Reformation to Correct Mistakes in Florida Trusts: What Does Florida Statute 736.0415 Say?
What is required for proper execution of an Orlando trust? Was your dad’s Orlando trust executed despite an error in drafting? Was a required signature to make a Florida trust valid forgotten? Do you know what remedies the Orlando probate court might have under such circumstances? You may want to look at the court’s powers of reformation. Specifically, you should read Florida Statute 736.0415.
Probate lawyers know that, in some special circumstances, the courts may edit a Florida trust, even though it had been executed and the donor is deceased. This can happen when an error by draftsmen may have made the document stray from the donor’s original intent. Do you know how to prove this intent when the donor has already passed away? When a court feels it is appropriate, it may reform a trust or other document to conform to the true meaning given to it by the donor originally. Have you read Fla. Stat. 736.0415 which may allow reformation? Experienced Palm Beach probate lawyers know how to use courts effectively and bring about reformation, when necessary, to effectuate the intent of a donor. Did you know that if a court denies such ability when cause exists, this may be appealable?
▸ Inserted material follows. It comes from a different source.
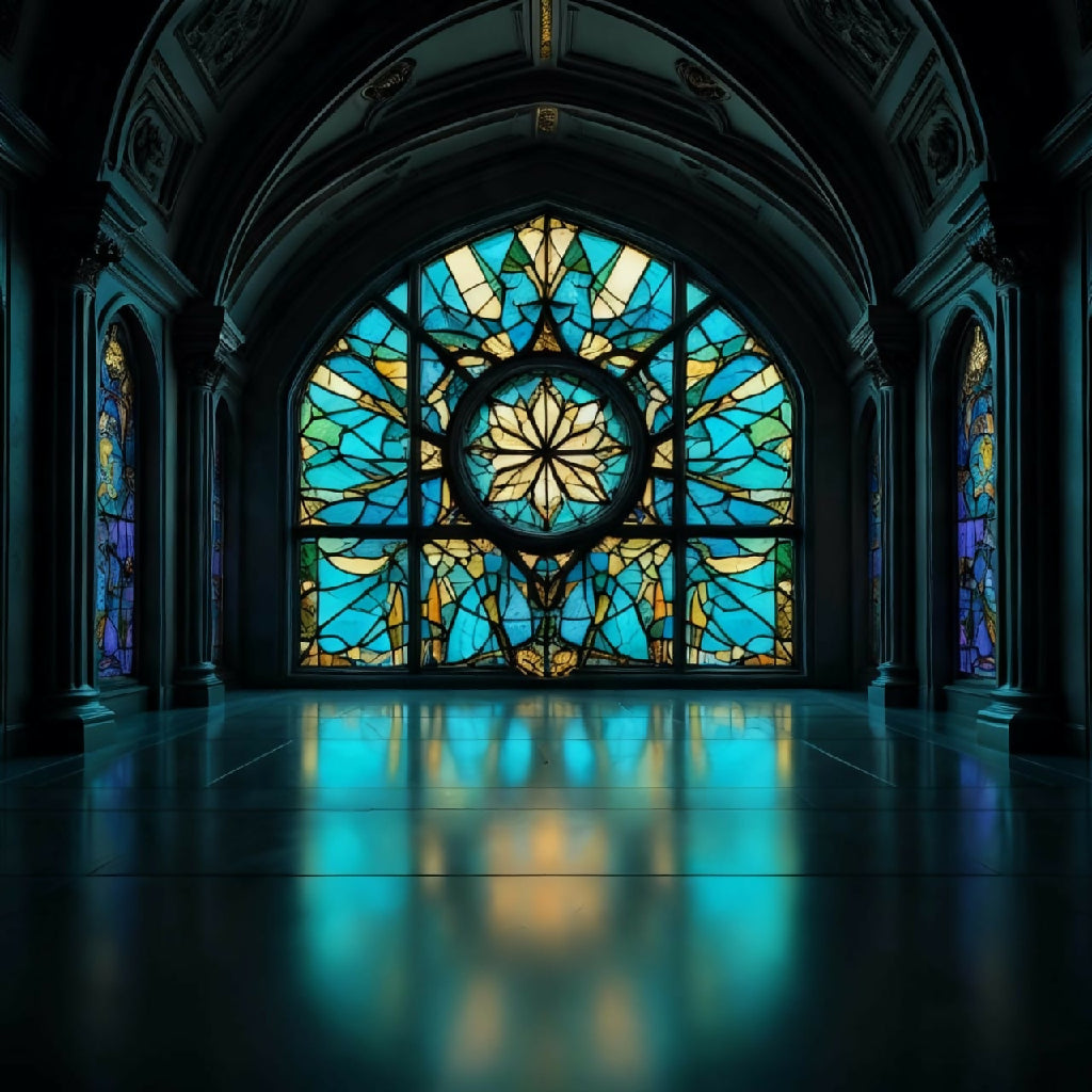 A profound reflection of spiritual and material light. This exclusive artwork captures The Azure Sanctuary, showcasing a majestic stained-glass rose window that casts luminescent teal and gold onto polished marble. It is the essential acquisition for the collector who possesses deep history, architectural brilliance, and unyielding illumination.

736.0415 Reformation to correct mistakes.—“Upon application of a settlor or any interested person, the court may reform the terms of a trust, even if unambiguous, to conform the terms to the settlor’s intent if it is proved by clear and convincing evidence that both the accomplishment of the settlor’s intent and the terms of the trust were affected by a mistake of fact or law, whether in expression or inducement. In determining the settlor’s original intent, the court may consider evidence relevant to the settlor’s intent even though the evidence contradicts an apparent plain meaning of the trust instrument.”